#### [WORK INSTRUCTIONS]
Only a slice of the listing below is wanted. Retype the lines from the one containing "- Camere cvadruple" through the one containing "Pantalón deportivo de", exactly, both ends included.

#### [MATERIAL FOR THIS TASK]
━━━━━━━━━━━━━━━━━━━━━━━━━━━━━━

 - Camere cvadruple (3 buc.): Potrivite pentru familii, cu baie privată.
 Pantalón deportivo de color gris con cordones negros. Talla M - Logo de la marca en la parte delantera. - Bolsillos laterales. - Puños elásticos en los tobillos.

━━━━━━━━━━━━━━━━━━━━━━━━━━━━━━

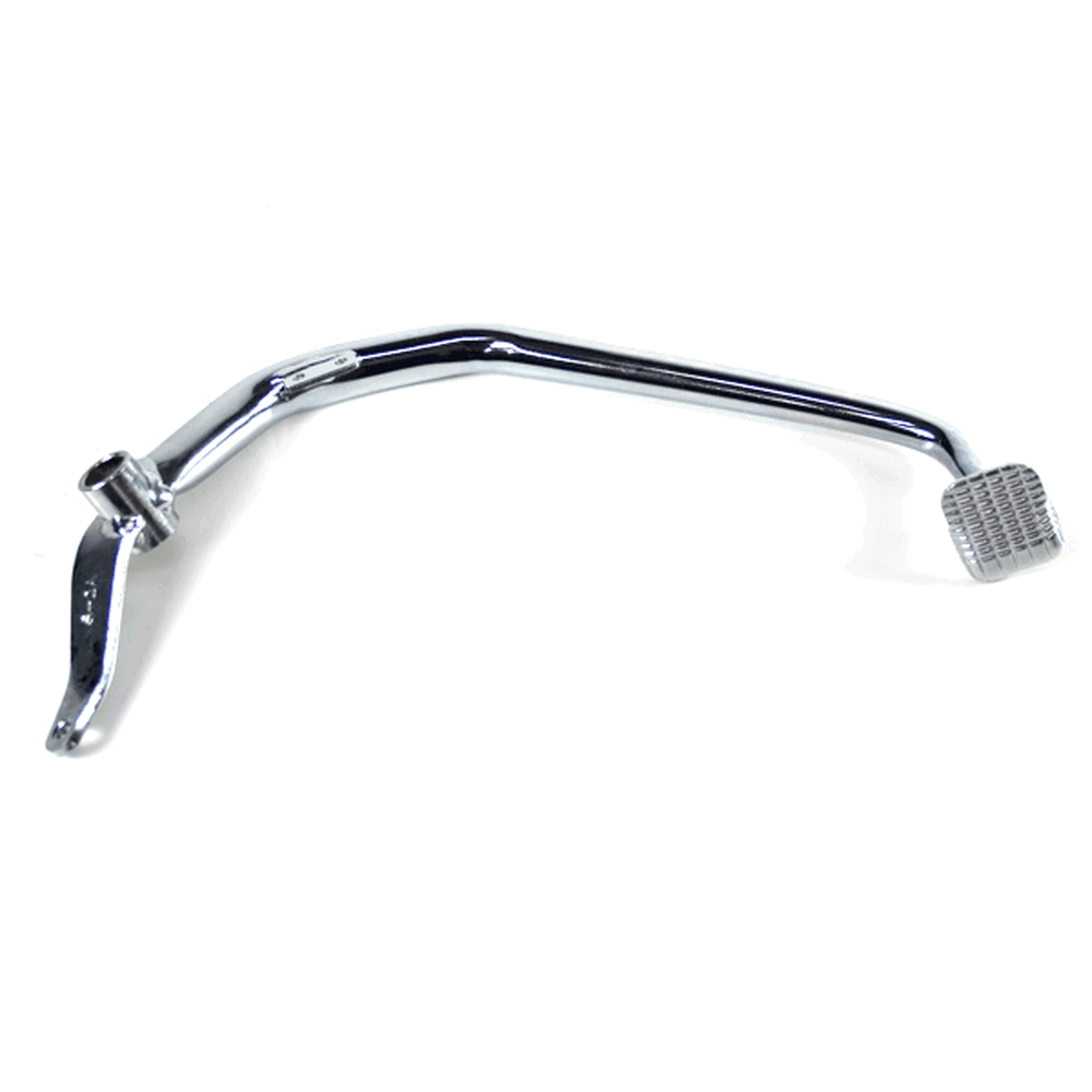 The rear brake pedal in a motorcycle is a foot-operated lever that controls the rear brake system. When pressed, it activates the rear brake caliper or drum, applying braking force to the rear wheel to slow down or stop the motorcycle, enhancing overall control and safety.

━━━━━━━━━━━━━━━━━━━━━━━━━━━━━━

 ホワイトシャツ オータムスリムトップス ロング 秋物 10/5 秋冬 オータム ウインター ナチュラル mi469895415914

━━━━━━━━━━━━━━━━━━━━━━━━━━━━━━

#### [REPLY]
 - Camere cvadruple (3 buc.): Potrivite pentru familii, cu baie privată.
 Pantalón deportivo de color gris con cordones negros. Talla M - Logo de la marca en la parte delantera. - Bolsillos laterales. - Puños elásticos en los tobillos.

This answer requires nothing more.